Jesse is a young Skyshipper on what should have been a simple Surface mission to retrieve a Pearl. Instead, he accidentally crosses paths with Cassius, a young Pearl hunter for the Surface government. The encounter changes both of their lives, awakening powers that neither one of them understands.

I got this for free years ago, at a conference where the poor publisher rep kept having to explain to people passing by his table that this was sci-fi and not steampunk. To be fair, neither the title nor the cover communicated that very clearly. "Skyship" still seems more steampunk than sci-fi to me.

While I enjoyed several of the revelations near the end of this book, overall this was kind of dull and weighed down by its world-building. I felt like I was swimming in a sea of info about this world, and unfortunately it was hard to bring myself to care.

None of the characters really grabbed me. Jesse was the "ordinary" protagonist who found himself caught up in a situation where everyone around him seemed to know more about what was going on than he did. Cassius was the talented and loyal protege of the villainess (and obviously being used by her). Cassius interested me more than Jesse, but neither one of them was particularly compelling.

There were several revelations near the end that were huge and completely unexpected. It seemed like the sort of information that would completely alter this world, so I was confused why no one seemed to be worried about the obvious implications of it. Was I misunderstanding how this world worked?
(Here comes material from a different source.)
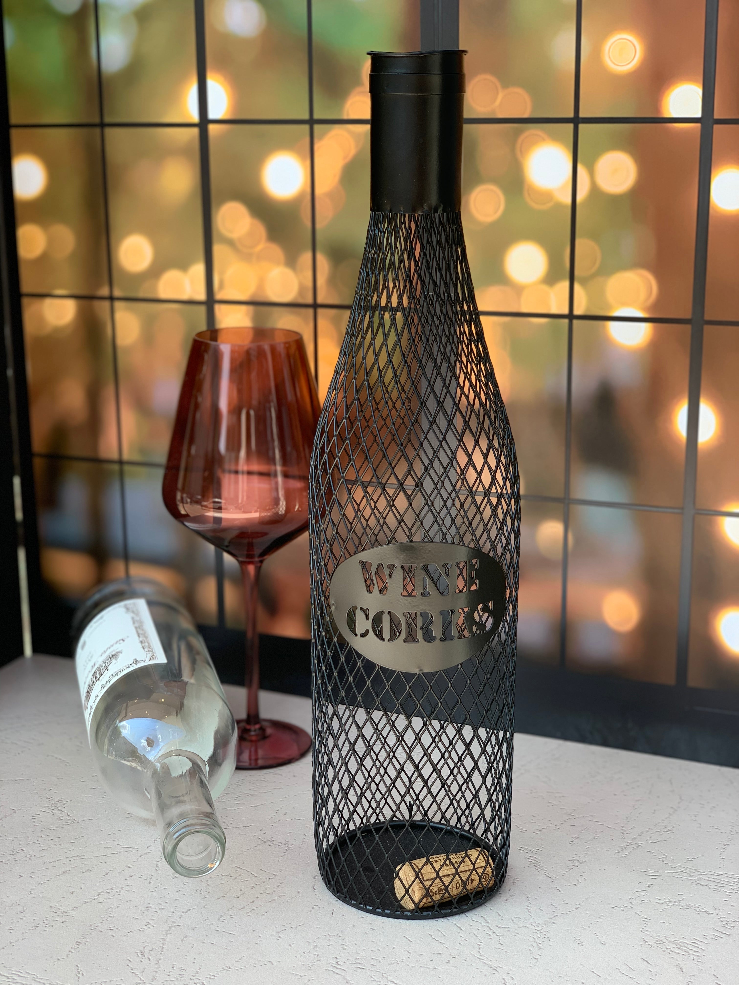 Display your love for wine with this modern cork holder. Its sleek metal design and wine bottle shape add a touch of fun to any space. Holds approximately 60 corks, showcasing your wine journey while keeping your home stylishly organized. (Note: corks not included)

It's possible - like I said, the world-building was more than a bit much for me. Or maybe I understood just fine, and the author just didn't want to deal with any of it until the beginning of the next book. Having your characters realize that their entire way of life is somehow going to have to change overnight would be a pretty big deal.

You'd think revelations this huge would make me excited to read the next book, but for some reason I can't work up any enthusiasm. I wouldn't say this was a bad book, but it wasn't for me. I'll be stopping here.